Metro cover on Frankford recovery homes, their content partnerships

The cover of a regional edition of the highest circulated daily newspaper in Philadelphia featured a news story of my own yesterday.

Rumors on the possible sale of an alleged drug-infested nuisance property veiled as a recovery home in a Northeast Philadelphia neighborhood that came out of last week’s Frankford Civic Association meeting was enough to warrant front page coverage of Metro. The property has been seen as something of a rallying call on the issue of illegal ‘recovery homes.’

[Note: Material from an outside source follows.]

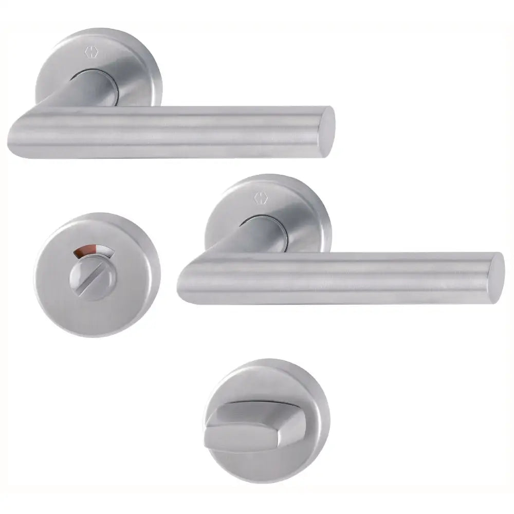 Dörrhandtag innerdörr. Komplett set med handtag och WC-vred med röd/vit markering, för dörrtjocklek 37-42 mm. Med HOPPE Kvick-i-Sprint fastsättning. 10 års funktionsgaranti. Förpackning kartong.
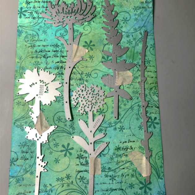 Use diecuts to cut out floral images from the card stock panel.

I attended the meeting as a former resident and occasional contributor to NEast Philly, the Northeast hyperlocal, that started last month a content partnership with the Philadelphia edition of the international free daily newspaper franchise.

NEast Philly Editor Shannon McDonald says she entered the agreement, which features repackaged NEast content every other Wednesday, for the branding and larger distribution. Metro, which currently only pays McDonald for a feature Northeast freelance piece that usually leads the package, gets cheap content for a niche geographic readership for whom it can sell more direct advertising.

But it’s part of a growing direction for the scrappy free daily, which is likely more respected in Philadelphia than in its other U.S. markets of Boston and New York City but still takes heat for its short form, image and graphic driven product.

Since announcing the deal on April 29, Metro also has a partnership with noted cityblog Philebrity.com, which offers highlighted nightlife listings for the coming weekend, and has an agreement with election news blog pa2010 and the Philadelphia Business Journal.

It goes beyond Philadelphia.

As eMedia Vitals reported, like the Northeast for Philadelphia, the New York paper rolled out a Queens edition and uses Mashable content on Thursdays. The Canadian arm partnered with FourSquare.

The free daily is leveraging independent publishers who want to grow their reach and hit print readers to get free or low cost content and those communities and niches. It’s an angle that print isn’t dead — it just needs some cost cutting and realignment.

It seems like a brilliant strategy in my estimation.